**Action item**
Could every line below be transcribed exactly, with the pictures dropped?

**Material shown**
________________________________________

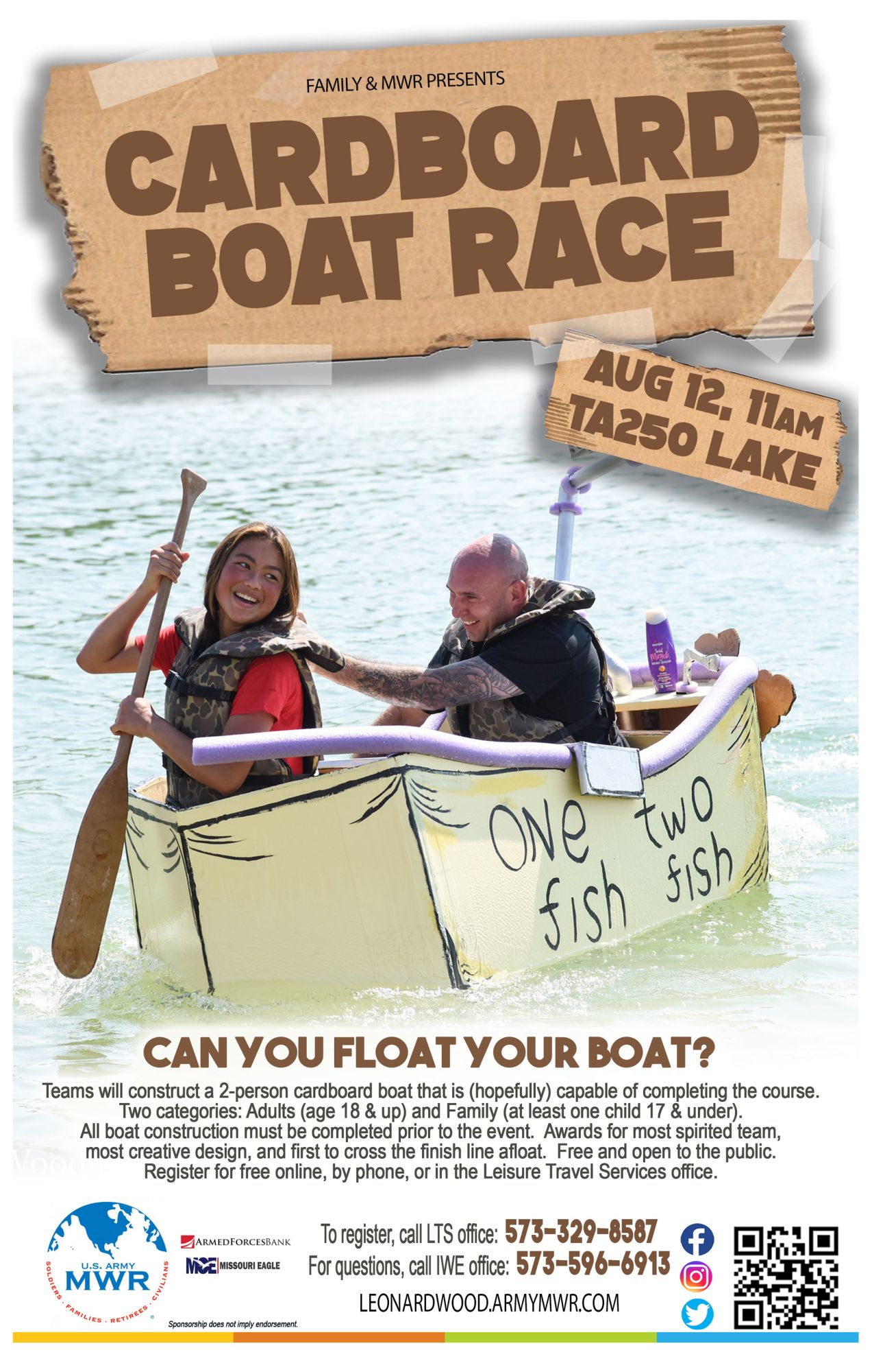 Register Now!Can you float your boat? Our annual Cardboard Boat Race will be held at TA 250 Lake.
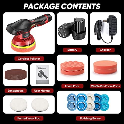 🎁What You Will Get: 1 * Cordless Buffer Polisher, 2 * Battery, 1 * Charger, 1* Loop Backing Plate, 2* Foam Pads, 2* Waffle Pro Foam Pads, 2* Knitted Wool Pad, 10* Polishing Bonnet , 10* Sandpapers, and you get the LSA (Lifetime Service Agreement), available at Avhrit.
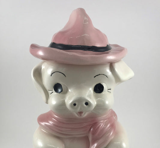 Piggy with a Pink Hat Cookie Jar, Mid-century Ceramic
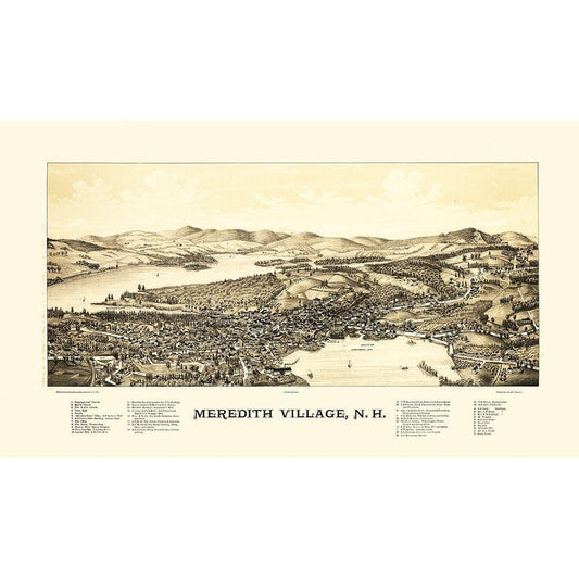 Meredith Village New Hampshire - Norris 1889 Gold Ornate Wood Framed Art Print with Double Matting by Norris
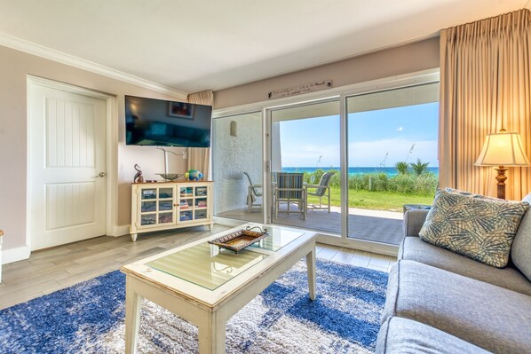 Enter condo B101 at Beach House Condominiums to an open, airy beachy welcome! This property is located directly on the beach with no streets to cross. It is a beautiful two bedroom, two bathroom condo sits on the ground floor and it is centrally located near the pool deck, gazebo, tennis courts, and grill area. Stepping outside onto the covered walk out patio, you are met with a gorgeous view of the Gulf of Mexico and the white sandy beaches of the Emerald Coast! You can hear the waves crashing and almost feel the surf splash right from the walk out patio!
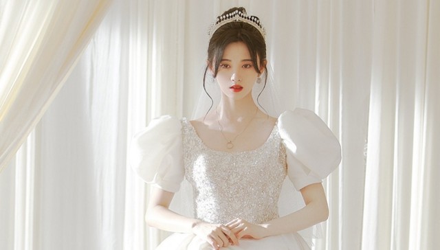 她穿着白色的婚纱化着妆头上盯着一个皇冠漂亮的不像话这是范丞丞第一次见她这个样子当然这一辈子他也就只能见这一次了。
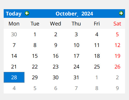 - Today: If you click on the Today button, the current date is selected in the calendar. If the date was changed by clicking the Today button, the selectionChanged() event is triggered. If the calendar page was changed by clicking the Today button, the currentPageChanged() event is triggered.
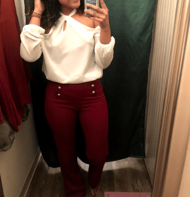 Walking into this thrift shop, I got more of a “dresses and slacks are my casual attire” vibe. Aesthete Luxury is where I shop for business, church, and sometimes my more cute but classy clothing! This shop is more on the expensive side, but that also depends on what you are shopping for. Here I found this white sheer, cold shoulder top which was $8, the brand was Forever 21 and it retails for about $20. The red slack pants are high wasted with four buttons down the side making for a very flattering look. These pants were $28 but retail for about $50. There were also formal dresses, nice sweaters and Kate Spade purses! If you dress like you are always in business mode, this is the store for you.
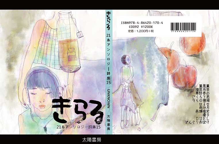 *** ごあいさつ【テーマに寄せて】 *** Unknown、知られざるもの、というのは怖れを生みもしますが、同時に可能性に満ちている。未来に向けた可能性なのか、過去に向けた可能性なのかは場合によるが。ところで、可能性というものを私は「影」のようだと思っている。それは伸びたり縮んだりするけれど、夜になれば目にはほとんど見えなくなるけれど、基本的に消えることはないから。(草野) *** ごあいさつ【読者の皆さまへ】 *** 「詩を庶民のものに」として発刊された詞花集(アンソロジー詩集)『きらる』をこれまであたたかく見守りくださりほんとうにありがとうございました。次号『きらる16』は“風”をメインテーマに発行予定は3年後。少し長めのバカンスを戴きます。軽い手荷物だけを携えて……またいつかお会いできる日まで。(21系一同) *** 21系執筆メンバー *** 蒼風薫 梅昆布茶 草野春心 ごくろう君 そらの珊瑚 はるな 南沙月 邑輝唯史 優子 *** ビジュアルメンバー *** 柿木一隼(表紙題字) はるな(表紙画・装丁、本文扉画・構成) どんぐりおばけ(巻頭詩画・構成、各部扉画・構成、本文イラスト) 有賀慧至(目次・本文イラスト) ごくろう君(DUEL/写真・構成) 蛙夢太郎(「第三部/写真詩」写真提供) 竃武利(「第四部/写真詩」写真提供) 長原弘之(落款制作) 蒼風薫(奥付イラスト) *** 全80篇 *** *** “21系”は『きらる』に集った詩人のグループ名です。 *** |

________________________________________

**Solution to this exercise**
 Register Now!Can you float your boat? Our annual Cardboard Boat Race will be held at TA 250 Lake.
 🎁What You Will Get: 1 * Cordless Buffer Polisher, 2 * Battery, 1 * Charger, 1* Loop Backing Plate, 2* Foam Pads, 2* Waffle Pro Foam Pads, 2* Knitted Wool Pad, 10* Polishing Bonnet , 10* Sandpapers, and you get the LSA (Lifetime Service Agreement), available at Avhrit.
 Piggy with a Pink Hat Cookie Jar, Mid-century Ceramic
 Meredith Village New Hampshire - Norris 1889 Gold Ornate Wood Framed Art Print with Double Matting by Norris
 Enter condo B101 at Beach House Condominiums to an open, airy beachy welcome! This property is located directly on the beach with no streets to cross. It is a beautiful two bedroom, two bathroom condo sits on the ground floor and it is centrally located near the pool deck, gazebo, tennis courts, and grill area. Stepping outside onto the covered walk out patio, you are met with a gorgeous view of the Gulf of Mexico and the white sandy beaches of the Emerald Coast! You can hear the waves crashing and almost feel the surf splash right from the walk out patio!
 她穿着白色的婚纱化着妆头上盯着一个皇冠漂亮的不像话这是范丞丞第一次见她这个样子当然这一辈子他也就只能见这一次了。
 - Today: If you click on the Today button, the current date is selected in the calendar. If the date was changed by clicking the Today button, the selectionChanged() event is triggered. If the calendar page was changed by clicking the Today button, the currentPageChanged() event is triggered.
 Walking into this thrift shop, I got more of a “dresses and slacks are my casual attire” vibe. Aesthete Luxury is where I shop for business, church, and sometimes my more cute but classy clothing! This shop is more on the expensive side, but that also depends on what you are shopping for. Here I found this white sheer, cold shoulder top which was $8, the brand was Forever 21 and it retails for about $20. The red slack pants are high wasted with four buttons down the side making for a very flattering look. These pants were $28 but retail for about $50. There were also formal dresses, nice sweaters and Kate Spade purses! If you dress like you are always in business mode, this is the store for you.
 *** ごあいさつ【テーマに寄せて】 *** Unknown、知られざるもの、というのは怖れを生みもしますが、同時に可能性に満ちている。未来に向けた可能性なのか、過去に向けた可能性なのかは場合によるが。ところで、可能性というものを私は「影」のようだと思っている。それは伸びたり縮んだりするけれど、夜になれば目にはほとんど見えなくなるけれど、基本的に消えることはないから。(草野) *** ごあいさつ【読者の皆さまへ】 *** 「詩を庶民のものに」として発刊された詞花集(アンソロジー詩集)『きらる』をこれまであたたかく見守りくださりほんとうにありがとうございました。次号『きらる16』は“風”をメインテーマに発行予定は3年後。少し長めのバカンスを戴きます。軽い手荷物だけを携えて……またいつかお会いできる日まで。(21系一同) *** 21系執筆メンバー *** 蒼風薫 梅昆布茶 草野春心 ごくろう君 そらの珊瑚 はるな 南沙月 邑輝唯史 優子 *** ビジュアルメンバー *** 柿木一隼(表紙題字) はるな(表紙画・装丁、本文扉画・構成) どんぐりおばけ(巻頭詩画・構成、各部扉画・構成、本文イラスト) 有賀慧至(目次・本文イラスト) ごくろう君(DUEL/写真・構成) 蛙夢太郎(「第三部/写真詩」写真提供) 竃武利(「第四部/写真詩」写真提供) 長原弘之(落款制作) 蒼風薫(奥付イラスト) *** 全80篇 *** *** “21系”は『きらる』に集った詩人のグループ名です。 *** |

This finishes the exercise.